**What this task involves**.
Any picture in the data below should be skipped, while every line is repeated exactly.

**Data segment**.
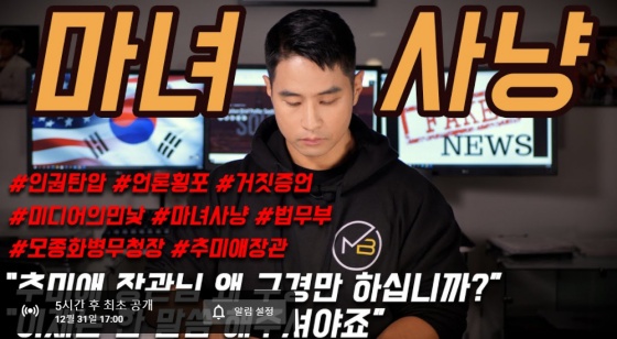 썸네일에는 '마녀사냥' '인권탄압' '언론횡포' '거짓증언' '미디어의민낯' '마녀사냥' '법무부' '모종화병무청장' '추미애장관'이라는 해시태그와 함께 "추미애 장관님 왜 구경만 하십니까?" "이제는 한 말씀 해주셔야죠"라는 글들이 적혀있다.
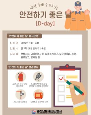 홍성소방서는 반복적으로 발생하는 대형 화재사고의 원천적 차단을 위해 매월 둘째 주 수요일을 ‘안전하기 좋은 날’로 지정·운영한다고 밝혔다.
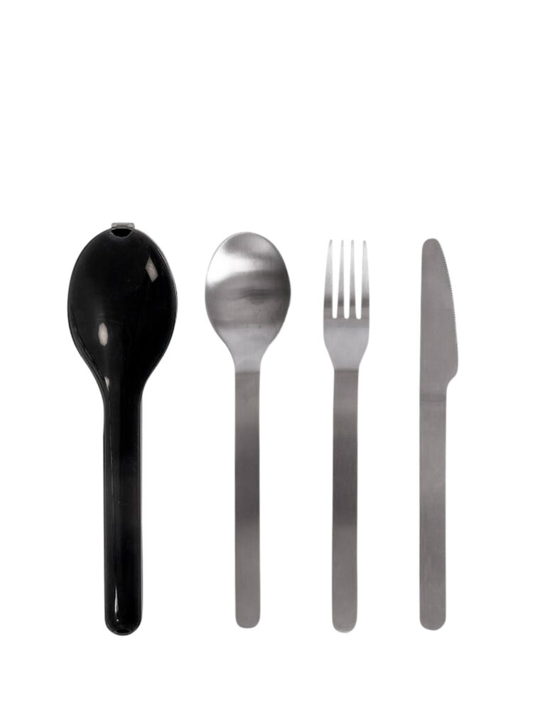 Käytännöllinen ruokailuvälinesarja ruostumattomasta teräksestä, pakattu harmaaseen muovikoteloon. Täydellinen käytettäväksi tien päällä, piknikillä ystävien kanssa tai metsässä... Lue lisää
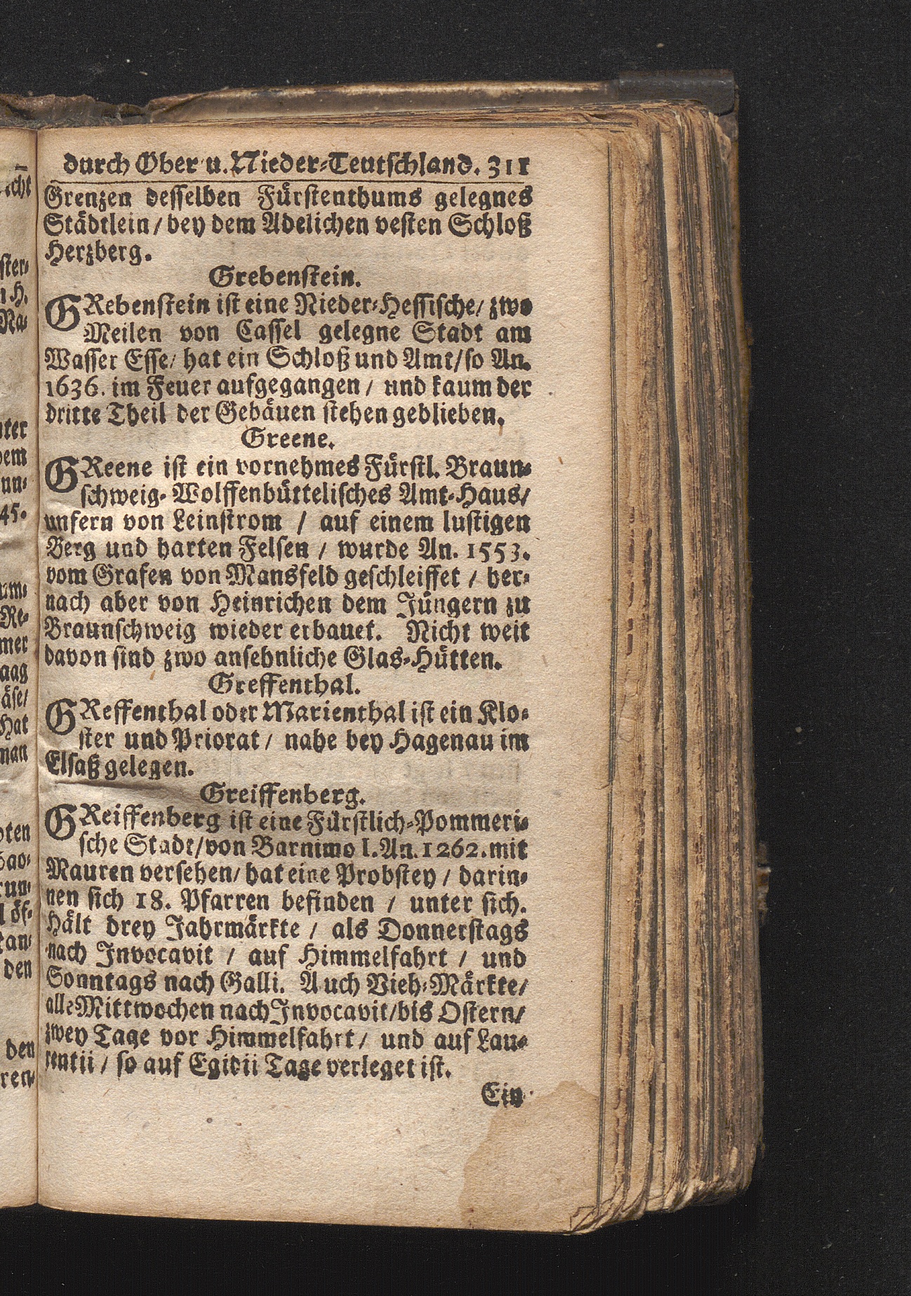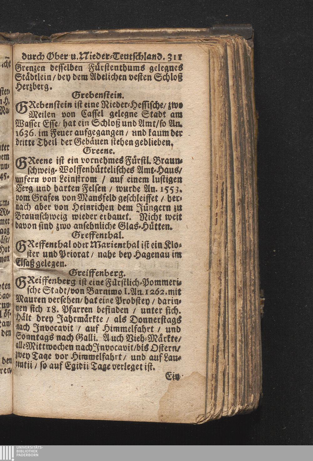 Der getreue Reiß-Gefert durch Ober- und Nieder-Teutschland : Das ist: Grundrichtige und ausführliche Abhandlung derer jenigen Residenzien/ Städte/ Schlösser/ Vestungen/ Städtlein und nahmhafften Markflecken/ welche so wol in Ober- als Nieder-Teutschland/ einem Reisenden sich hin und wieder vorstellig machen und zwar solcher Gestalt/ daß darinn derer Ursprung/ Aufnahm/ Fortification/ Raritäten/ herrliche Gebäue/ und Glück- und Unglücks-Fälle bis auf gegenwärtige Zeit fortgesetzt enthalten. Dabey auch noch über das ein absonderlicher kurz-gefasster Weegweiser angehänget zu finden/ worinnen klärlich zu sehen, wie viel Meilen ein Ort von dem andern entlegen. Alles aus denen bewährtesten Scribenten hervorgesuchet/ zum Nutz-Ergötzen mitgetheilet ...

**Expected answer**.
 썸네일에는 '마녀사냥' '인권탄압' '언론횡포' '거짓증언' '미디어의민낯' '마녀사냥' '법무부' '모종화병무청장' '추미애장관'이라는 해시태그와 함께 "추미애 장관님 왜 구경만 하십니까?" "이제는 한 말씀 해주셔야죠"라는 글들이 적혀있다.
 홍성소방서는 반복적으로 발생하는 대형 화재사고의 원천적 차단을 위해 매월 둘째 주 수요일을 ‘안전하기 좋은 날’로 지정·운영한다고 밝혔다.
 Käytännöllinen ruokailuvälinesarja ruostumattomasta teräksestä, pakattu harmaaseen muovikoteloon. Täydellinen käytettäväksi tien päällä, piknikillä ystävien kanssa tai metsässä... Lue lisää
 Der getreue Reiß-Gefert durch Ober- und Nieder-Teutschland : Das ist: Grundrichtige und ausführliche Abhandlung derer jenigen Residenzien/ Städte/ Schlösser/ Vestungen/ Städtlein und nahmhafften Markflecken/ welche so wol in Ober- als Nieder-Teutschland/ einem Reisenden sich hin und wieder vorstellig machen und zwar solcher Gestalt/ daß darinn derer Ursprung/ Aufnahm/ Fortification/ Raritäten/ herrliche Gebäue/ und Glück- und Unglücks-Fälle bis auf gegenwärtige Zeit fortgesetzt enthalten. Dabey auch noch über das ein absonderlicher kurz-gefasster Weegweiser angehänget zu finden/ worinnen klärlich zu sehen, wie viel Meilen ein Ort von dem andern entlegen. Alles aus denen bewährtesten Scribenten hervorgesuchet/ zum Nutz-Ergötzen mitgetheilet ...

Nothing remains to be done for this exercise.